Blood of different species
There are differences in blood between species.
Humans
Human blood is a liquid tissue; its major function is to transport oxygen necessary to life throughout the body. It also supplies the tissues with nutrients, removes waste products, and contains various components of the immune system defending the body against infection. Endocrine hormones also travel in the blood. (see List of human blood components)
Human blood is red, ranging from bright red when oxygenated to dark red when not. It owes its colour to hemoglobin, a respiratory protein containing iron in the form of heme, to which oxygen binds. It is a popular misconception that deoxygenated blood is blue because veins are blue and that blood only becomes red when it comes into contact with oxygen.
Blood moves in blood vessels and is circulated by the heart, a muscular pump. It passes to the lungs to be oxygenated, and then is circulated throughout the body by the arteries. It diffuses its oxygen by passing through tiny blood vessels called capillaries. It then returns to the heart through the veins.
See circulatory system for a more detailed description of this circulation.
Blood also transports metabolic waste products, drugs and other foreign chemicals to the liver to be degraded and to the kidney to be excreted in urine.
Insects
In insects, the blood (more properly called hemolymph) is not involved in the transport of oxygen. (Openings called tracheae allow oxygen from the air to diffuse directly to the tissues). Insect blood moves nutrients to the tissues and removes waste products.
Small invertebrates
In some small invertebrates, oxygen is simply dissolved in the plasma. All other animals use respiratory proteins to increase the oxygen carrying capacity. Hemoglobin is the most efficient respiratory protein found in nature. Hemocyanin (blue) contains copper and is used in crustaceans. Sea squirts, among others marine life, use a vanadium chromagen (bright green, blue, or orange) for its respiratory pigment.
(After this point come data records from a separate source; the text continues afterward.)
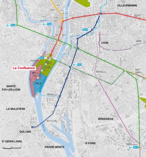 4. Localisation de la Confluence au sein de la Métropole de Lyon (Lyon Confluence Images et plans – 68 repères, SPLA Lyon Confluence, Grand Lyon 2013)
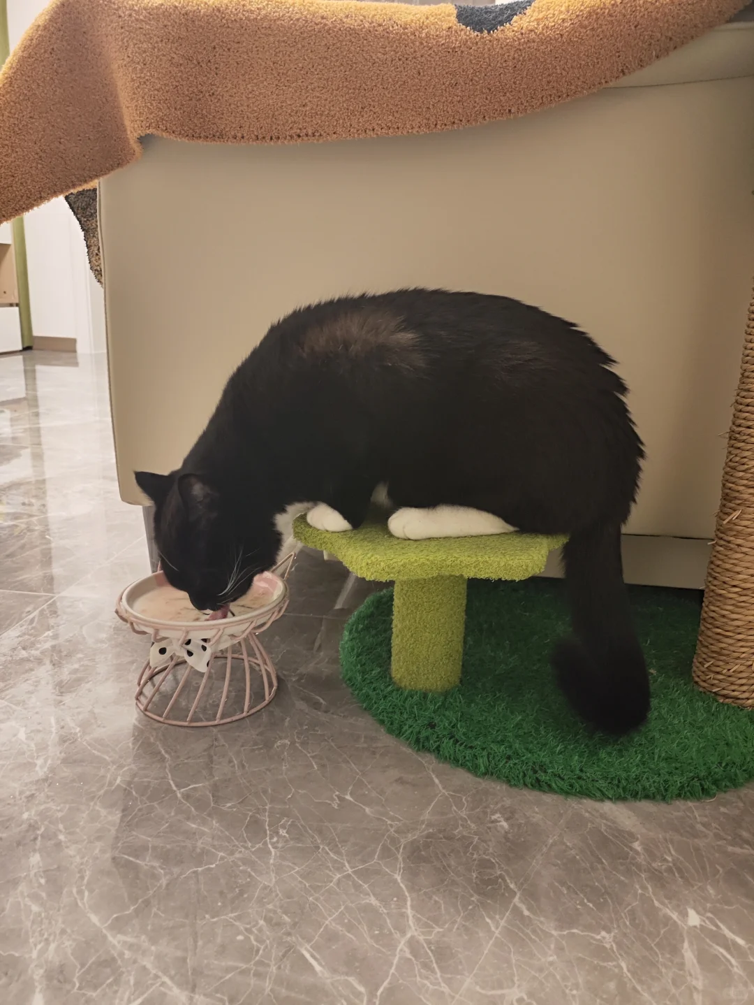 野外可没有野人给它垫高[doge]而且我不知道在哪个up里听说垫高碗吃饭小猫可能会有黑下巴,我就不动它了,一天低头进食的时间加起来都没有十五分钟的
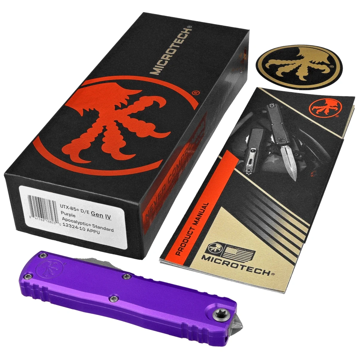 - UTX-85 Gen IV D/E Purple Aluminium, Apocalyptic to kompaktowy nóż automatyczny OTF z serii UTX-85. Zaprojektowany do zastosowań EDC, zachowuje wszystkie zalety większych modeli. Pracujący w trybie D/A, wyposażony w szybki mechanizm wysuwający ostrze.
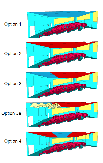 The results show that levels in the wider areas, even when at a comparable distance to a position in the centre of the room are significantly lower. Levels at the back of the room are very similar to those as wide seating positions in the first few rows. This occurs mainly for two reasons.
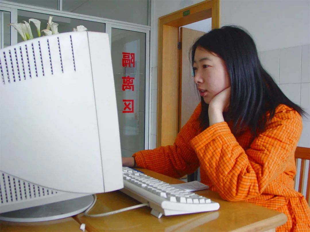2003年,护士徐玉叶在生活区唯一的电脑上看碟片。
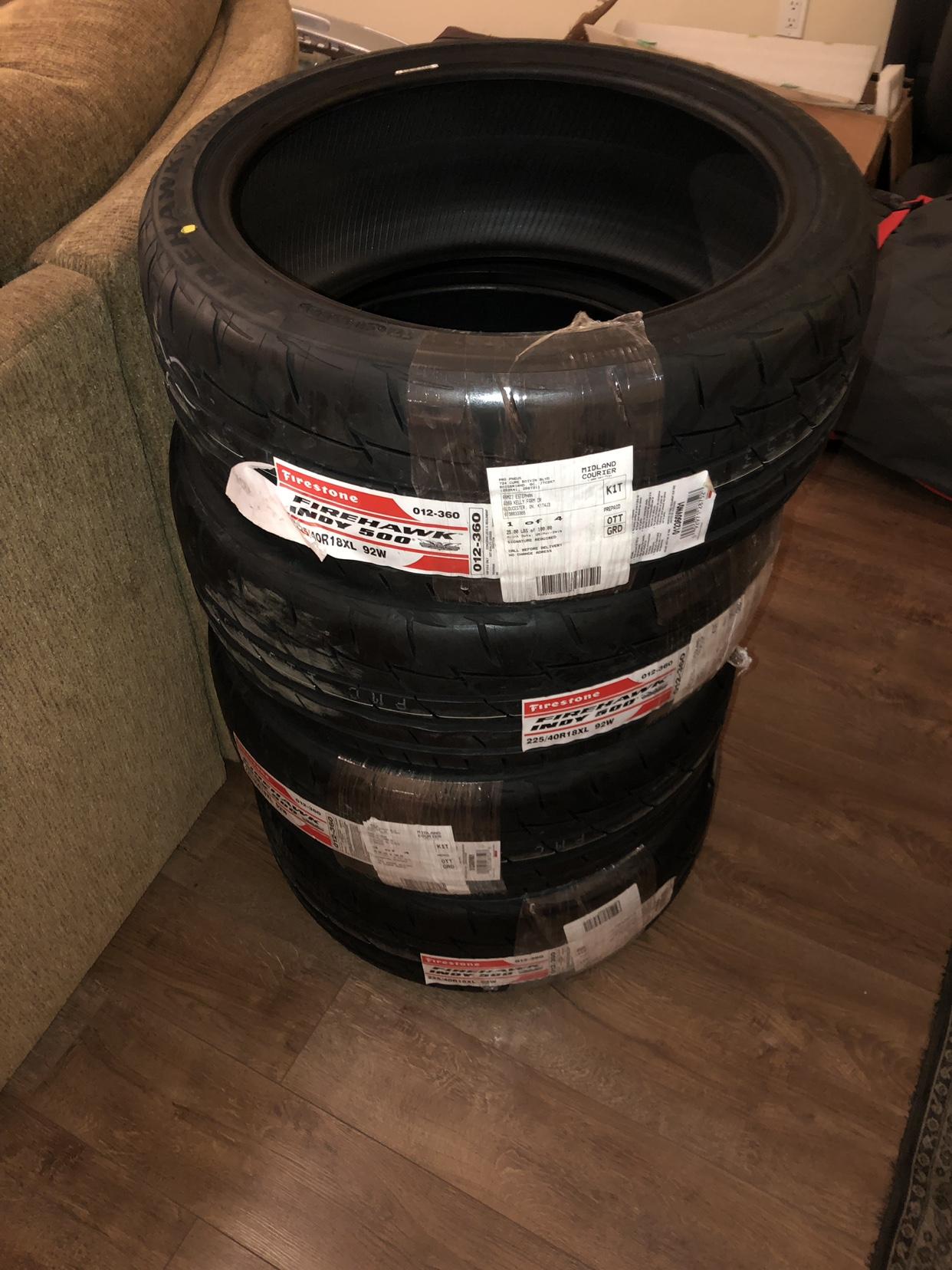 而轮胎也终于到了,最终我选择了225/40 R18的Firestone Firehawk Indy500,国内叫做凡士通或者风驰通。这是一款夏季轮胎,听到了许多对这款轮胎的好评,四条胎售价加运费为为670美元,希望它能为我争取到新的记录。
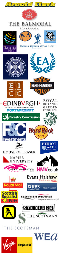 A Arnold Clark B Balmoral Hotel D Dynamic Earth E Eastern Western Motor group Edinburgh Academy Edinburgh Council Edinburgh Harley Davidson Edinburgh International Conference centre Edinburgh Royal Botanical Gardens F F&C Asset Management Forestry Commission H HardRock Cafe Heriot Watt University House of Frasers HMV M Marco's Leisure Murrayfield Golf Course N Napier University Next Generation Clubs P Portaprompt R Reg Vardy Royal Bank of Scotland Royal Mail S Scottish Socialist Party Scottish Widows Studio24 T The Scotsman The Scotsman Hotel U University of Edinburgh V Virgin Megastores W WEA Y Yellow Pages
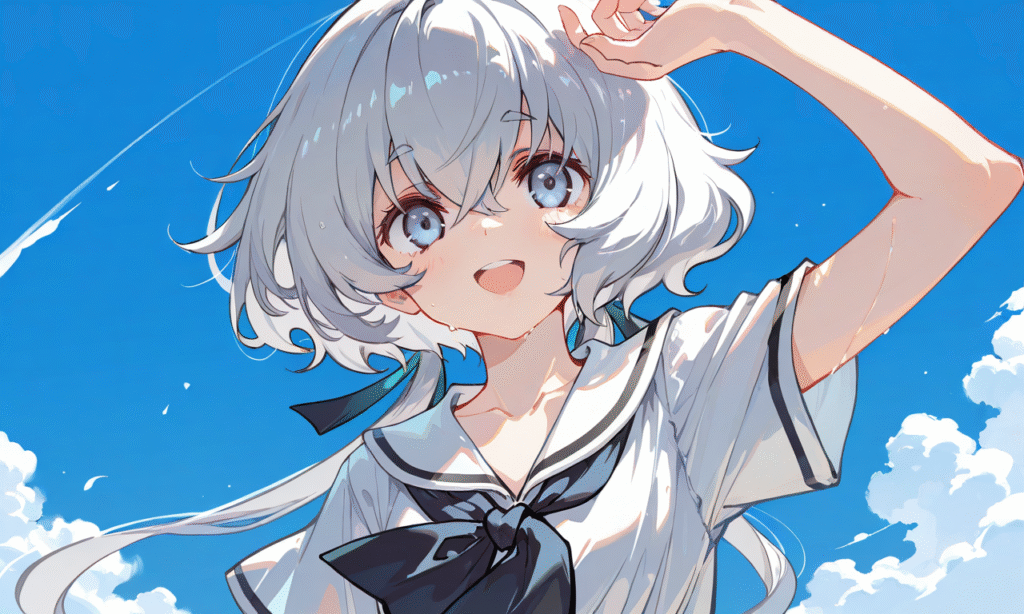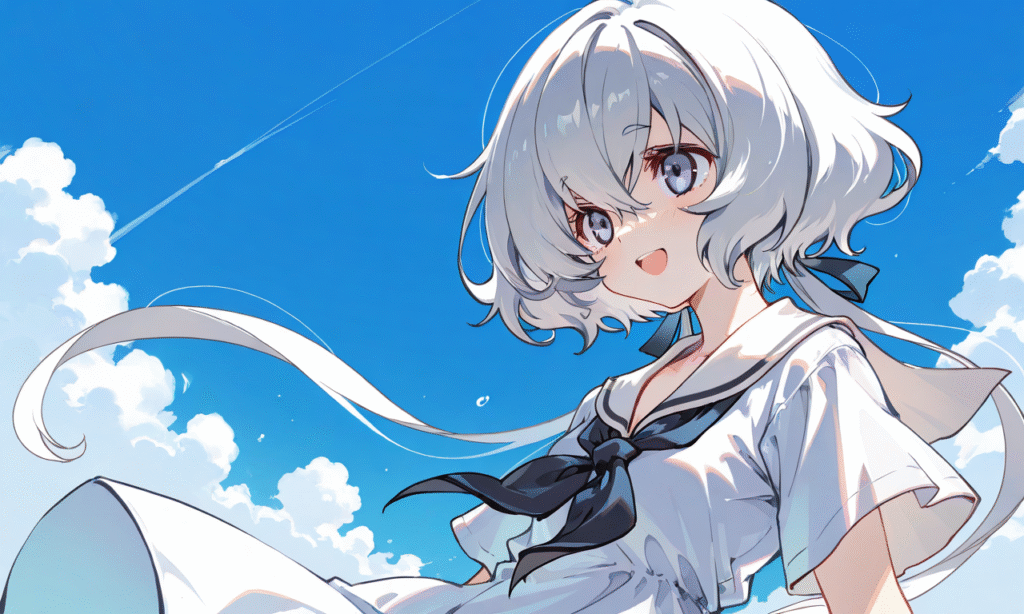 konno junko,white sailor dress,short sleeves, smile,open mouth, cowboy shot,summer,blue sky, simplebackground,white background, masterpiece,high quality,tokiame,EyeDetailerXL,hyper-detailed, high contrast, depth of field, ray tracing, best lighting, cinematic composition, beautiful face, beautiful eyes, sharp focus, (masterpiece:1.2), (best quality:1.2), (very aesthetic:1.2), (absurdres:1.2), (detailed background), Fantasy Scene, ,748cmstyle,Flat color, anime screencap,[artist: deal360acv]
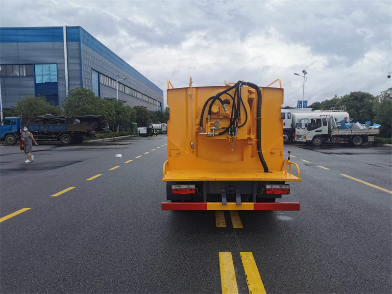 上裝配置:1.水罐采用武鋼優(yōu)質(zhì)鋼板制作,壁厚4個厚,罐體中間合理設(shè)計防浪板,罐體上面設(shè)計檢查人孔,也當(dāng)可加水孔用,帶水位量管帶洗手裝置,2.水箱進(jìn)水口為球閥式消防栓(方便開關(guān),經(jīng)久耐用),帶消防接口,帶低水位排水口,3.高壓泵采用德國品孚170L型號,24兆帕壓力,安裝自主研發(fā)大型過濾器(防止雜質(zhì)進(jìn)泵,過濾器免拆洗),帶氣吹水功能(冬季可把高壓泵,高壓管的水吹干凈,防止凍壞),4.后高壓卷盤液壓放管收管,帶淋管功能(高壓管作業(yè)后,往回收時,可以沖洗高壓管),5.操作系統(tǒng)排列整齊,均有操作說明及注意事項,液壓管路重要部分采用高強(qiáng)度鋼管,堅固耐用,6.帶2個工具箱,帶卷簾門(方便高壓泵保養(yǎng)檢修)7車輛采用鍍鋅防護(hù)網(wǎng),花紋防滑護(hù)欄(美觀耐用).
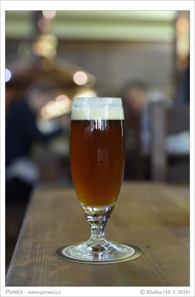 Barva tmavě měděná, zakalené. Pěkná hustá poměrně stabilní pěna.Vůně (2,5 - lehce nadprůměr):
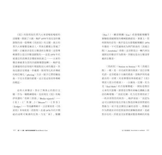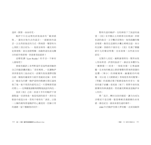 透過本書,我們能從中看到大衛.鮑伊在自律/自毀之中的擺盪,在創作上的有所為與有所不為,以及那種在飽受壓力(包括離婚官司、精神狀態不穩定等等)的掙扎之下,冷冽疏離又內省低調的電子聲響背後的炙熱靈魂。——楊久穎(譯者、文字工作者)
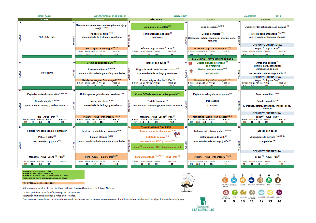 Consulta o descarga nuestros menús y menús especiales de comedor.
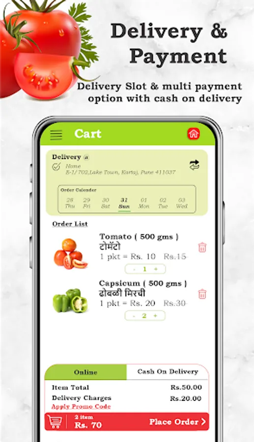 * Vegetables: Using this online fruit and vegetable shopping App, Browse and shop for your favourite locally grown fresh leafy green vegetables, root vegetables.
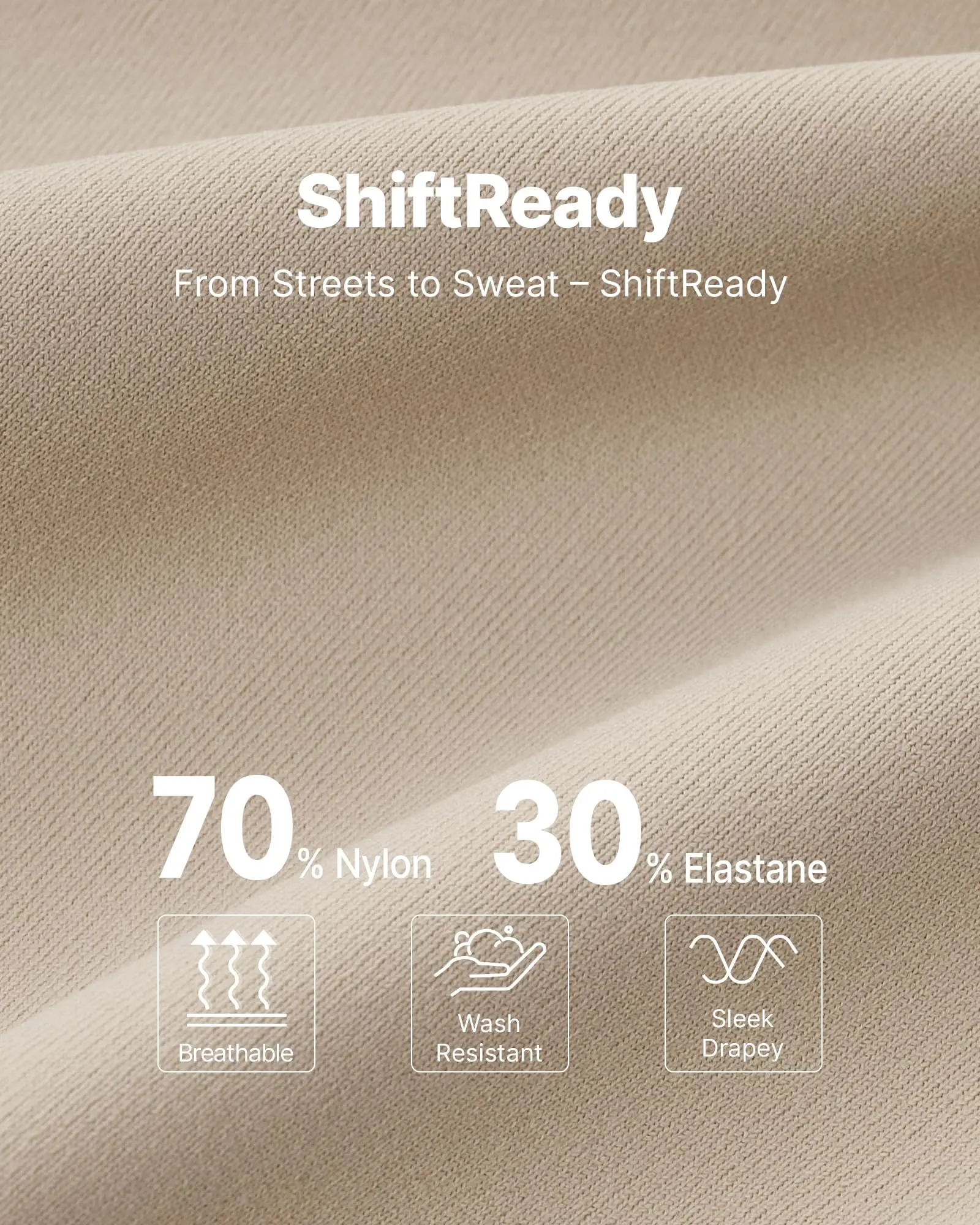 ·Shiftready fabric, sleek and drapey for relaxed fit, feels cool to the touch, wash resistant
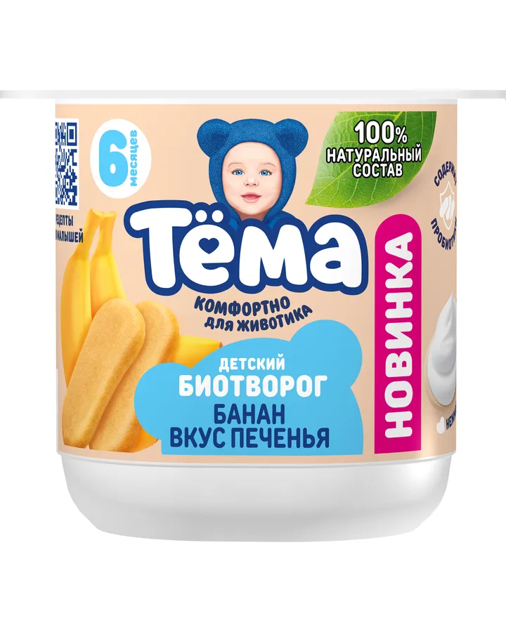 Биотворог Тёма Банан и вкус печенья 4% 95г
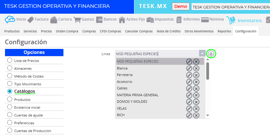 2. De clic en la opción Catálogos, en el campo "Linea" se encuentra creada una linea con el nombre: "General"
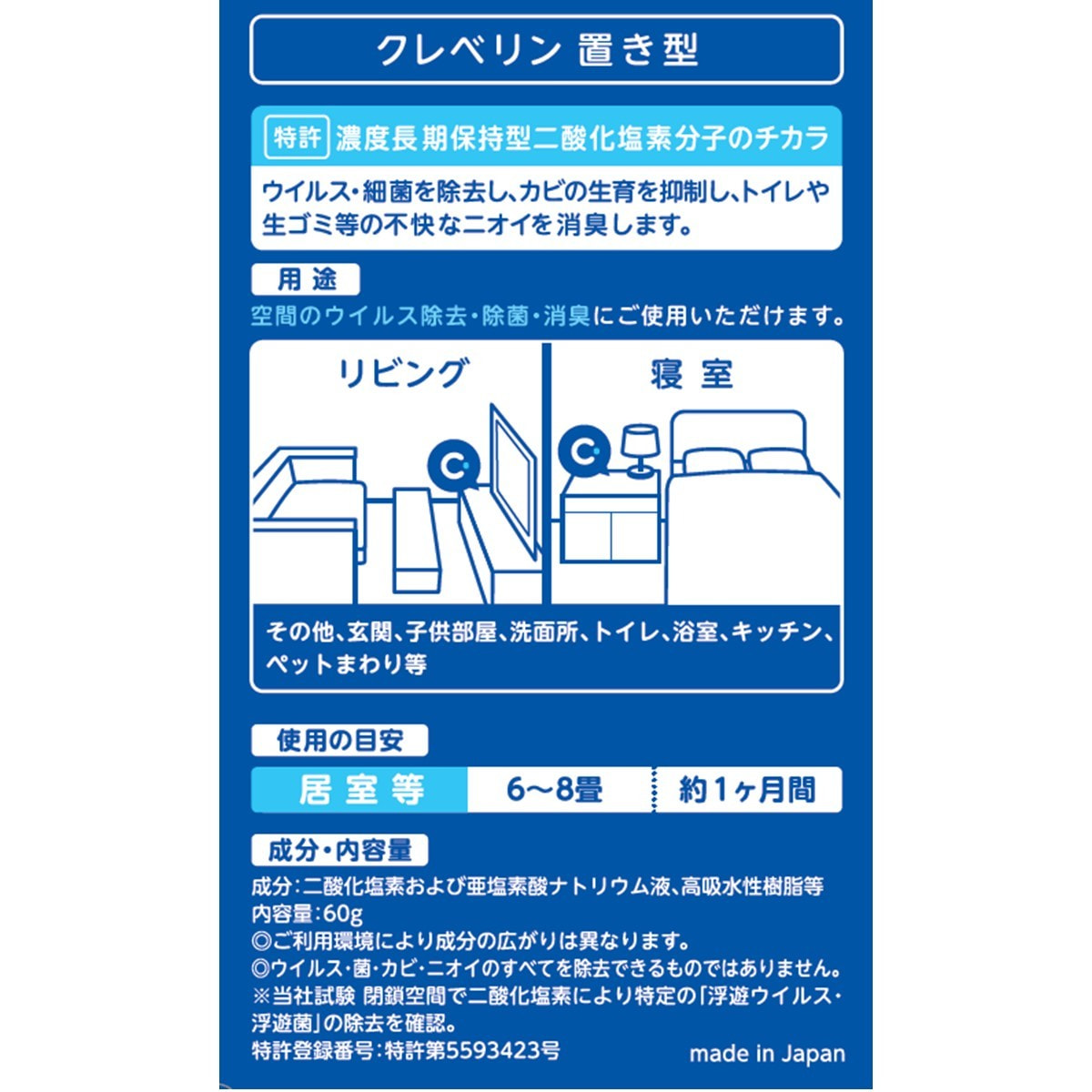 6畳相当(25㎥)の閉鎖空間でクレベリン置き型製品により、浮遊・付着ウイルスの一種、浮遊・付着菌の一種を180分間で99.9%除去できることを確認。
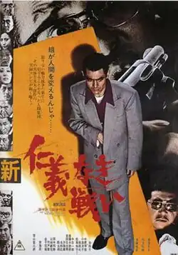 New Battles Without Honor and Humanity (Japanese: 新仁義なき戦い, Hepburn: Shin Jingi Naki Tatakai) is a 1974 Japanese yakuza film directed by Kinji Fukasaku.[2] It begins a new series of films with unrelated plots, based on the director's earlier Battles Without Honor and Humanity pentalogy. New Battles Without Honor and Humanity: The Boss's Head followed in 1975 and New Battles Without Honor and Humanity: Last Days of the Boss in 1976.[3]
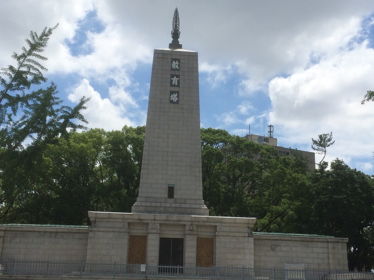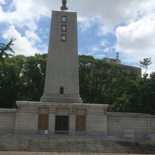 大阪城公園内の外堀の道沿いの外側にはあるので、高く目立つ塔でしたが人もいなかったです。砂利道の後方に階段があり中央は扉、左右は彫刻のような人の絵が彫られているような感じでかなり頑丈そうな高い塔で遠くから見ると煙突のようにも見えました。
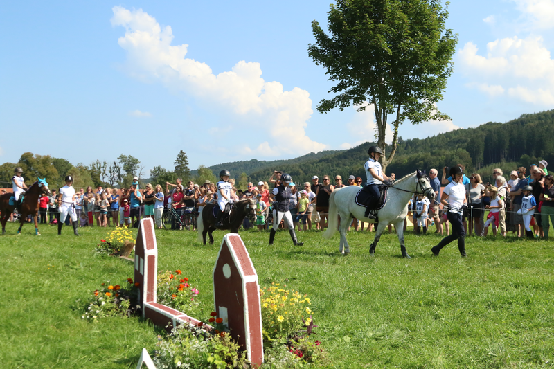 Auch der Geländepferde-Nachwuchs konnte sich im Ettenhuber Jungpferdecup der 4- und 5-jährigen Pferde seine Eignung als Vielseitigkeitspferd beweisen und musste hierfür eine kurze Dressur-, Spring- und Geländeprüfung absolvieren. Gleichzeitig wurde aus dieser Prüfung auch das Beste der 4-jährigen bayerisch gezogene Pferd ermittelt. Zur großen Freude des Landstallmeisters konnte der 4-jährige Fürstenstein von Fürst Fugger – Del Piero aus der Zucht von Ferdinand Sanladerer, Besitzer HLG Schwaiganger, mit seinem Reiter Andreas Kölbl, die goldene Schleife der Prüfung holen und damit den Titel des Champions der 4-jährigen bayerischen Geländepferde 2016.

In many invertebrates, these oxygen-carrying proteins are freely soluble in the blood; in vertebrates they are contained in specialized red blood cells, allowing for a higher concentration of respiratory pigments without increasing viscosity.
Anatomy of blood
Blood is composed of several kinds of corpuscles; these formed elements of the blood constitute about 45% of whole blood. The other 55% is blood plasma, a yellowish fluid that is the blood's liquid medium.
The corpuscles are:
- Red blood cells or erythrocytes (about 99%). These corpuscles lack a nucleus and organelles, so are not cells strictly speaking. They contain the blood's hemoglobin and distribute oxygen. The red blood cells also give rise to the system of blood types.
- Platelets or thrombocytes (0.6 - 1.0%) are responsible for blood clotting or coagulation.
- White blood cells or leukocytes (0.2%), are part of the immune system; they destroy infectious agents.